Research, like design components, can be difficult to manage when scattered across platforms, teams, and timelines. If we have design systems to organize components and manage versioning, how might we build a similar system for all the valuable research insights collected in user studies?
I used Airtable to build a centralized and scalable research findings repository for Braven, an education nonprofit. The data tables are set up to emulate an affinity mapping process: user quotes/behavior are logged and aggregated into themes, then translated into user needs (problem statements) that can be used for ideation or further research.

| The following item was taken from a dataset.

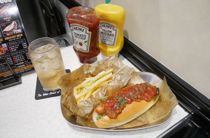 どれも魅力的なメニューで悩んだ末、今回はオーナーさん一押しの「オリジナルミートホットドッグ」を注文!プラス500円でドリンクとサイドがセットになるのもありがたいです。

Braven partners with universities and colleges to provide courses for college credit, fellowship programs, and career coaching for young people on their path to college graduation, meaningful careers, and lives of impact. Braven’s New Product Development team reached out to me to help them design and test a new design direction for their Learning Management System (LMS). They had been noticing that student engagement in the LMS was dropping off and some foundational research uncovered the need for a more goal-oriented UI.
I worked with the product owner to distill their generative research findings into three primary user needs to focus on and then designed a prototype in Figma. Using the new prototype and the existing UI, I conducted an A/B usability test with Braven students and then synthesized the findings into a set of UX recommendations.
As I worked on this project, I noticed that research was often conducted separately by each department and the data was stored across different department folders in Google Drive. It was difficult to find documents from past research projects and even harder to locate a predefined list of research participants to recruit from, so we had to spend more time on recruitment than anticipated.
The product owner and I agreed that ensuring easy access to this project’s findings and starting a research participant database were important outcomes of this project, in addition to the UX recommendations. So, I created a digital repository in Airtable to help centralize and standardize the research process. The repository’s data tables are set up to facilitate a synthesis process similar to affinity mapping; user quotes/behavior are aggregated into patterns and themes, then translated into user needs (problem statements). The database as a whole is set up so that the next researcher after me can create a new study and conduct the analysis within the same tables, allowing product owners to search for user feedback across all studies within the database. With a centralized research repository, Braven’s team members can continue to conduct, analyze, and reference research projects together in a remote work environment.